At first glance the Chronicle of Higher Education is underwhelmed at Google's book search handiwork.

"Google acknowledges the incorrect dates but says they came from the providers. It's true that Google has received some groups of books that are systematically misdated, like a collection of Portuguese-language works all dated 1899. But a very large proportion of the errors are clearly Google's own doing. A lot of them arise from uneven efforts to automatically extract a publication date from a scanned text. A 1901 history of bookplates from the Harvard University Library is correctly dated in the library's catalog. Google's incorrect date of 1574 for the volume is drawn from an Elizabethan armorial bookplate displayed on the frontispiece.

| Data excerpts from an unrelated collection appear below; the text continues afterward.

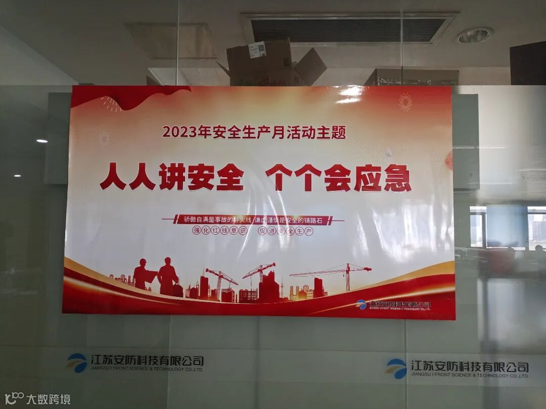 三是文化宣导融入公司。为提升职工安全意识,江苏安防在办公楼一楼大厅、办公楼入口等醒目位置,张贴或悬挂安全标语、挂图等,广泛深入开展安全宣传,进步强化职工安全“红线”意识和“底线”思维,在全公司营造了浓厚的安全生产工作氛围。
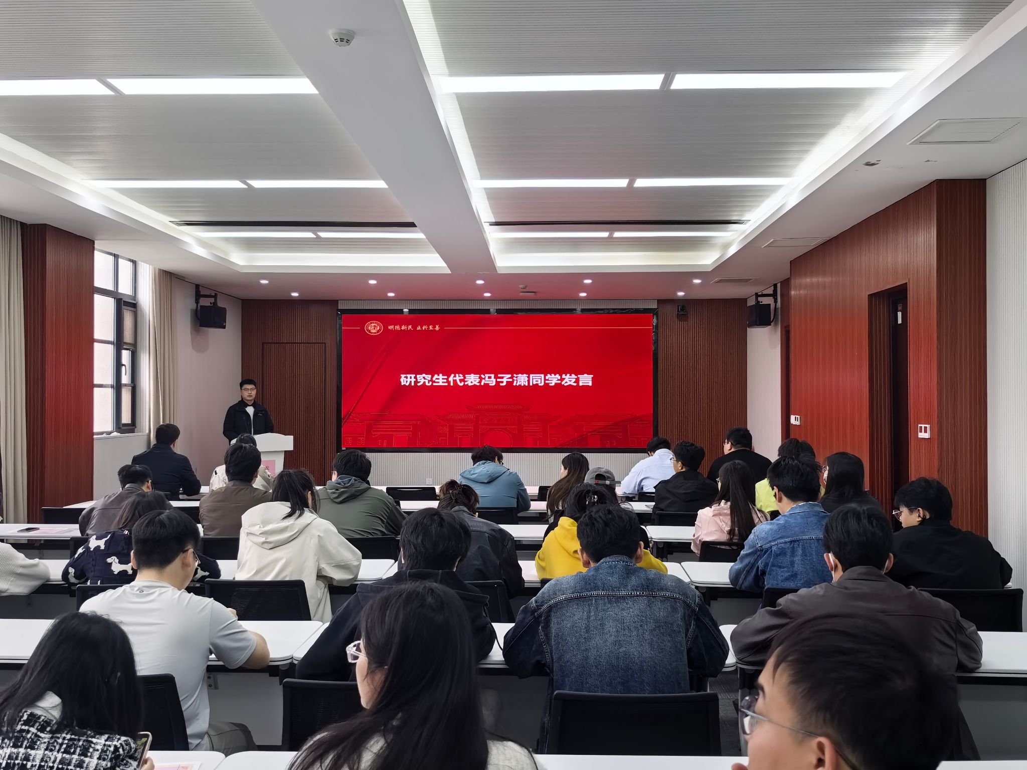 研究生教育工作稳步推进,学子们在在学术科研、创新实践等方面深耕细作、奋勇争先,取得扎实成效,涌现出一批品学兼优、勇于创新的优秀代表。活动现场,研究生辅导员谷志达老师宣读了2025学年研究生表彰决定及表彰名单,其中冯子潇同学荣获国家奖学金,梁雨润、马骞程等25名同学荣获研究生学业奖学金。
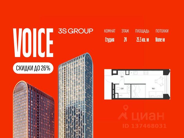 Ипотека от 3,5% на весь срок. Дополнительная скидка в офисе продаж! Продается уютная студия площадью 22,3 кв.м на 24 этаже жилого комплекса бизнес-класса Войс от 3S Group. Общая площадь: 22,3 кв.м., жилая: 12,8 кв.м., площадь кухни-гостиной: 16,2 кв.м., высокие потолки: 3,12 м., санузел совмещенный. О проекте: Войс. Высокие стандарты жизни Мы уверены, что высокие идеалы неизменно помогают достигать высот. Создавая Войс, мы ориентировались на людей с высокими требованиями к качеству и безупречным вкусом. Башни жилого комплекса, сочетают элегантную форму с динамичной геометрией фасадов, устремляются ввысь и отвечают самым высоким стандартам строительства. Технологичность, воплощенная в архитектуре - это ваш, собственный Войс. Преимущества локации Близость к метро Текстильщики, БКЛ и МЦК Новохохловская (10 мин) Рядом природный заповедник и конно-спортивная база Кузьминки-Люблино Будущее окружение Проект Южный порт - Текстильщики с деловым центром Сити-2 Небоскребы высотой до 300м Культурный центр с амфитеатром Променад вдоль Москвы-реки и яхт-клуб Архитектура Проект от Архитектурной мастерской Алексея Ильина Две перпендикулярные башни с арочными вершинами Высокая башня: светло-серый металл Низкая башня: терракотовая керамика Благоустройство Внешняя зона: парковки, магазины, кафе Внутренний двор: закрытая территория с озеленением Шумозащитный экран Сезонное озеленение Встречи на высоте Гранд-лобби высотой 8м Дизайнерская мебель Умные скоростные лифты Услуги Детский центр с игровой зоной Фитнес-студия для жителей
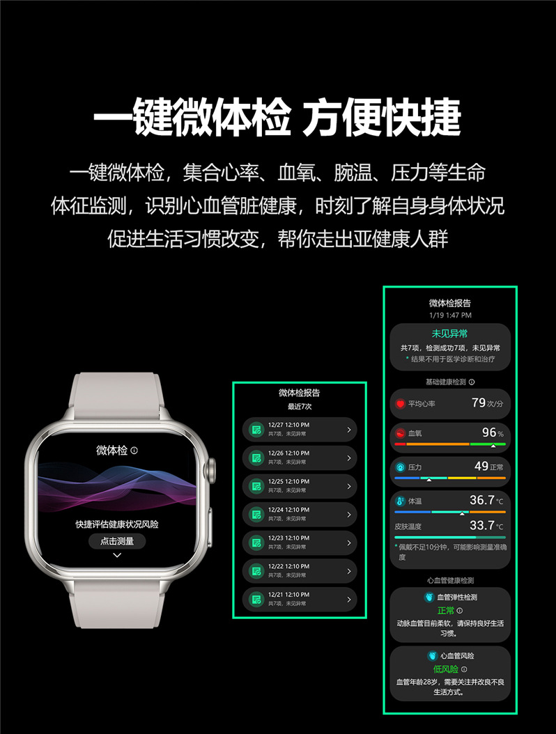 特色 | 微体检功能(一键体检),五脏检测 1. 血糖监测/尿酸监测/血脂监测 2. ECG心电图 3. 体脂BMI测量 4. 蓝牙通话,智能语音助手 5. 远程亲友关爱,多运动模式 6. 24小时连续动态心率监测(带活体检测功能),体温监测,压力测试,独立精准血氧,血压监测,睡眠监测等健康监测功能 7. 1.91英寸横向视网膜320*380全触摸高清屏 8. APP多表盘市场及自定义表盘 9.女性健康,天气预报,久坐提醒,消息、来电等信息提醒 10.380mAh高密度聚合物锂电池,一次充电使用续航10天-15天 |
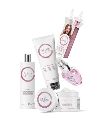 Rigena Lifting to rewitalizujący zabieg na włosy, przeznaczony do głębokiej odbudowy włókna włosów uszkodzonych przez agresję chemiczną lub mechaniczną.

An 1890 guidebook called London of To-Day is correctly dated in the Harvard catalog, but Google assigns it a date of 1774, which is taken from a front-matter advertisement for a shirt-and-hosiery manufacturer that boasts it was established in that year.

Then there are the classification errors, which taken together can make for a kind of absurdist poetry. H.L. Mencken's The American Language is classified as Family & Relationships. A French edition of Hamlet and a Japanese edition of Madame Bovary are both classified as Antiques and Collectibles (a 1930 English edition of Flaubert's novel is classified under Physicians, which I suppose makes a bit more sense.) An edition of Moby Dick is labeled Computers; The Cat Lover's Book of Fascinating Facts falls under Technology & Engineering. And a catalog of copyright entries from the Library of Congress is listed under Drama (for a moment I wondered if maybe that one was just Google's little joke)."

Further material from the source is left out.